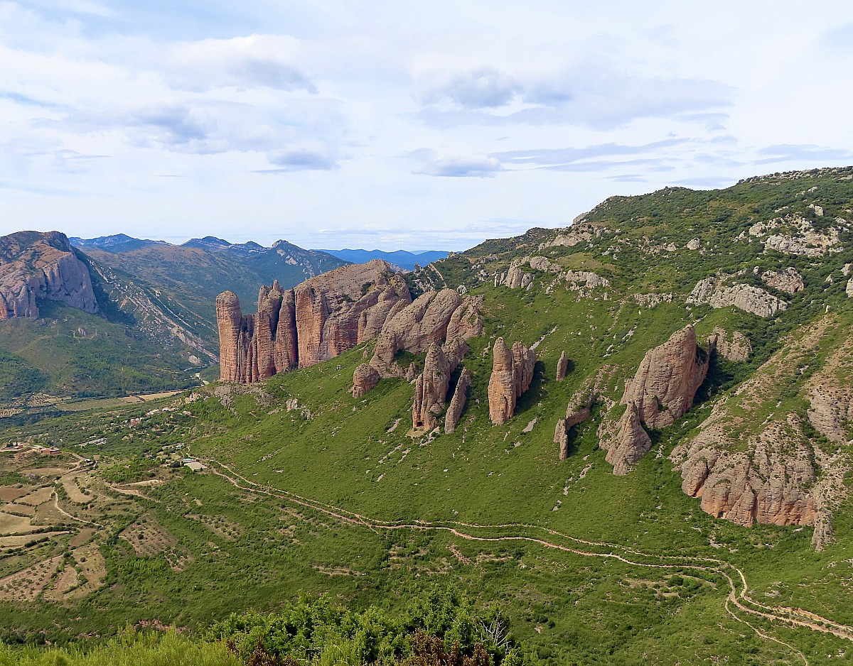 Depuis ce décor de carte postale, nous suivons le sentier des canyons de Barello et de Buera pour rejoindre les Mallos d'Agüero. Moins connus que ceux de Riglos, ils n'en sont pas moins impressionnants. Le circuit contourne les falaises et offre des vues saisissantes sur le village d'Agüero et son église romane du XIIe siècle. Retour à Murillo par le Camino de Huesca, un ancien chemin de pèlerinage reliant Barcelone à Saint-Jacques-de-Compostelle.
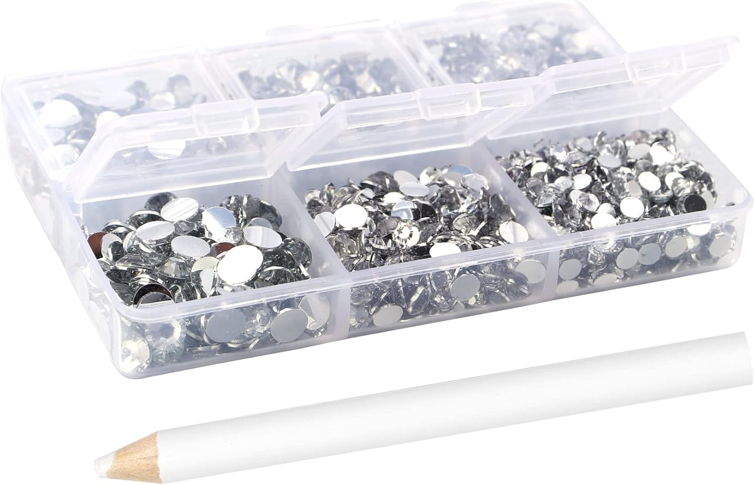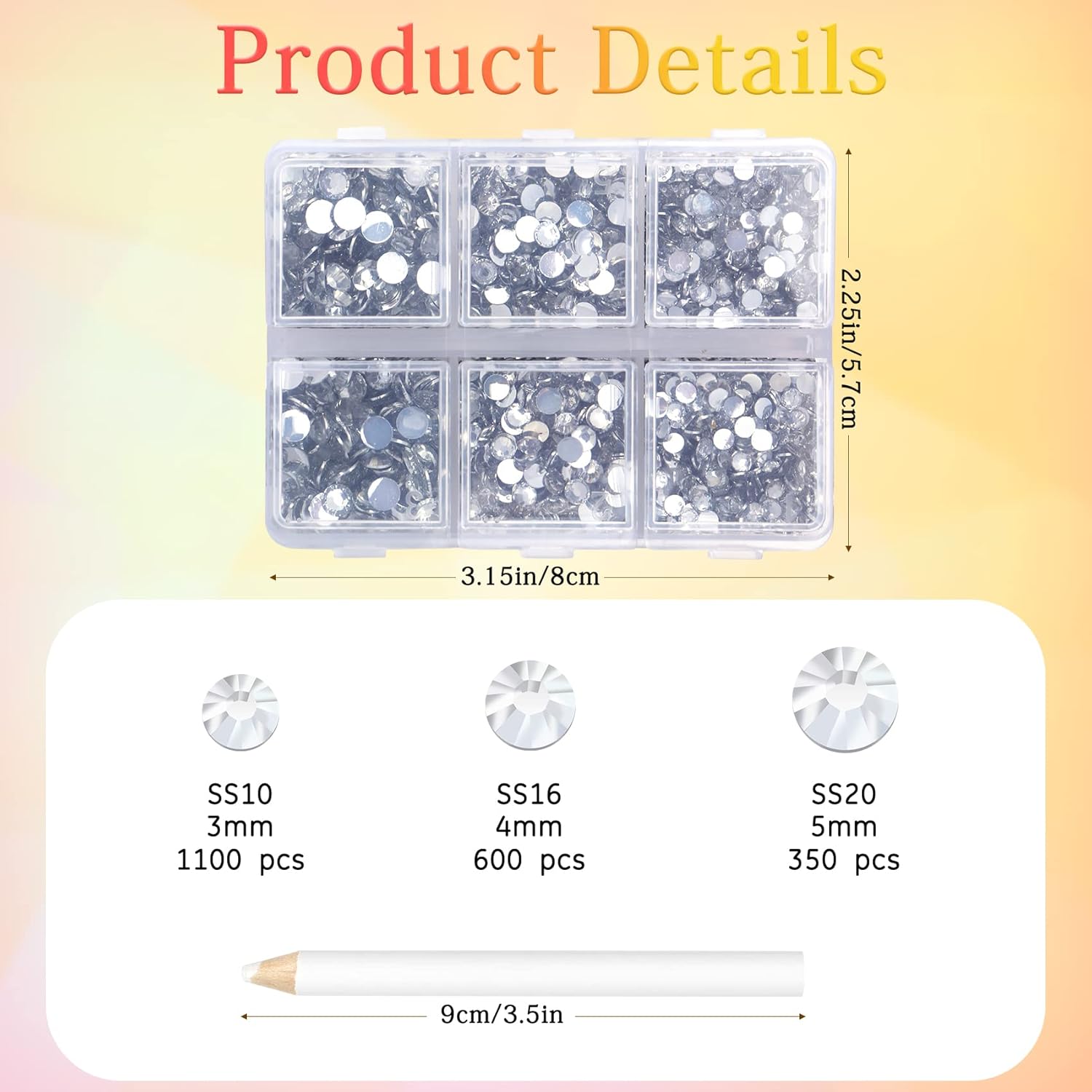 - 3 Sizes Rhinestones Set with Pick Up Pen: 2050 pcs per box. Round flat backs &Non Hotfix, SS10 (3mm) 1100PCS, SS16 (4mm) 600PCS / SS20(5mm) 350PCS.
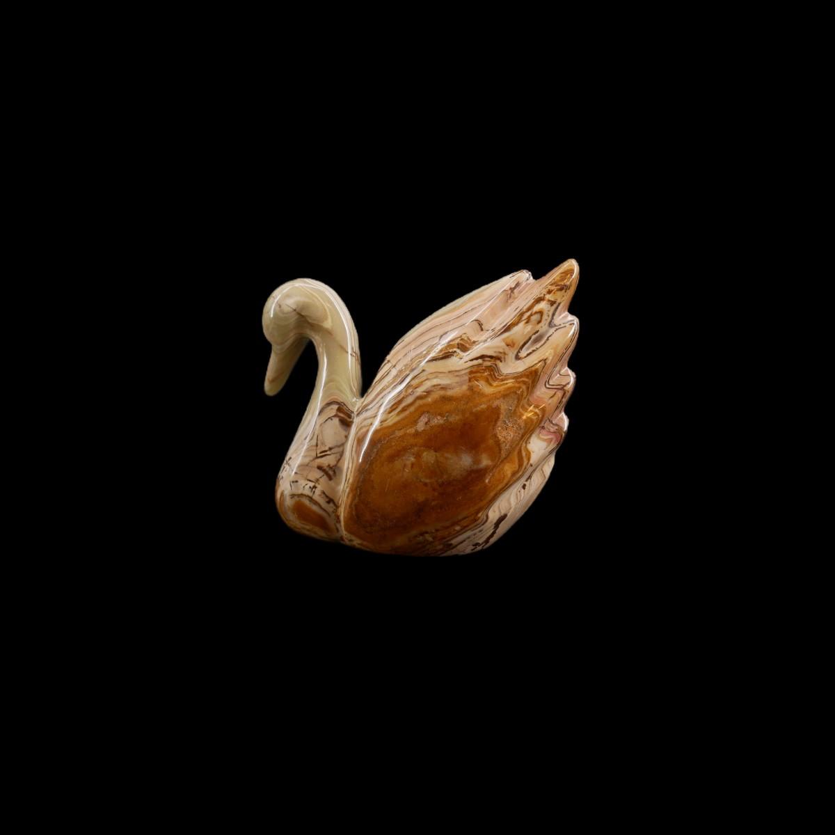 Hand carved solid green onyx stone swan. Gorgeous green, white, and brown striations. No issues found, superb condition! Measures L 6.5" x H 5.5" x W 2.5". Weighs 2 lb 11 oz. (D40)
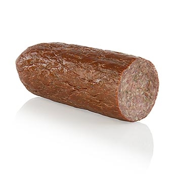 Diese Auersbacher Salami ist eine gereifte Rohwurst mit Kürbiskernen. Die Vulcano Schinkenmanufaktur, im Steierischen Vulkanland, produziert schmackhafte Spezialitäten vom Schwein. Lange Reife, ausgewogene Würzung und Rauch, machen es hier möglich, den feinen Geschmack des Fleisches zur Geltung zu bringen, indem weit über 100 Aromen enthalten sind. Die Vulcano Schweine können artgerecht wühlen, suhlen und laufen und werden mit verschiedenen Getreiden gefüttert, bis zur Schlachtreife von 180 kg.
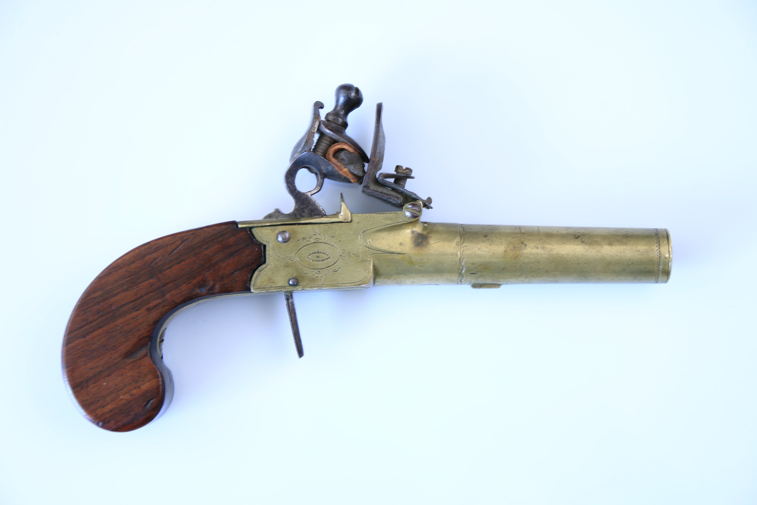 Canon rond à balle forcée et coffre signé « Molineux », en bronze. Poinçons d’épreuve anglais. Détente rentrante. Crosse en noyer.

━━━━━━━━━━━━━━━━

Activity
The reply must hold each line of the records verbatim and no pictures.

Exercise result
 Depuis ce décor de carte postale, nous suivons le sentier des canyons de Barello et de Buera pour rejoindre les Mallos d'Agüero. Moins connus que ceux de Riglos, ils n'en sont pas moins impressionnants. Le circuit contourne les falaises et offre des vues saisissantes sur le village d'Agüero et son église romane du XIIe siècle. Retour à Murillo par le Camino de Huesca, un ancien chemin de pèlerinage reliant Barcelone à Saint-Jacques-de-Compostelle.
 - 3 Sizes Rhinestones Set with Pick Up Pen: 2050 pcs per box. Round flat backs &Non Hotfix, SS10 (3mm) 1100PCS, SS16 (4mm) 600PCS / SS20(5mm) 350PCS.
 Hand carved solid green onyx stone swan. Gorgeous green, white, and brown striations. No issues found, superb condition! Measures L 6.5" x H 5.5" x W 2.5". Weighs 2 lb 11 oz. (D40)
 Diese Auersbacher Salami ist eine gereifte Rohwurst mit Kürbiskernen. Die Vulcano Schinkenmanufaktur, im Steierischen Vulkanland, produziert schmackhafte Spezialitäten vom Schwein. Lange Reife, ausgewogene Würzung und Rauch, machen es hier möglich, den feinen Geschmack des Fleisches zur Geltung zu bringen, indem weit über 100 Aromen enthalten sind. Die Vulcano Schweine können artgerecht wühlen, suhlen und laufen und werden mit verschiedenen Getreiden gefüttert, bis zur Schlachtreife von 180 kg.
 Canon rond à balle forcée et coffre signé « Molineux », en bronze. Poinçons d’épreuve anglais. Détente rentrante. Crosse en noyer.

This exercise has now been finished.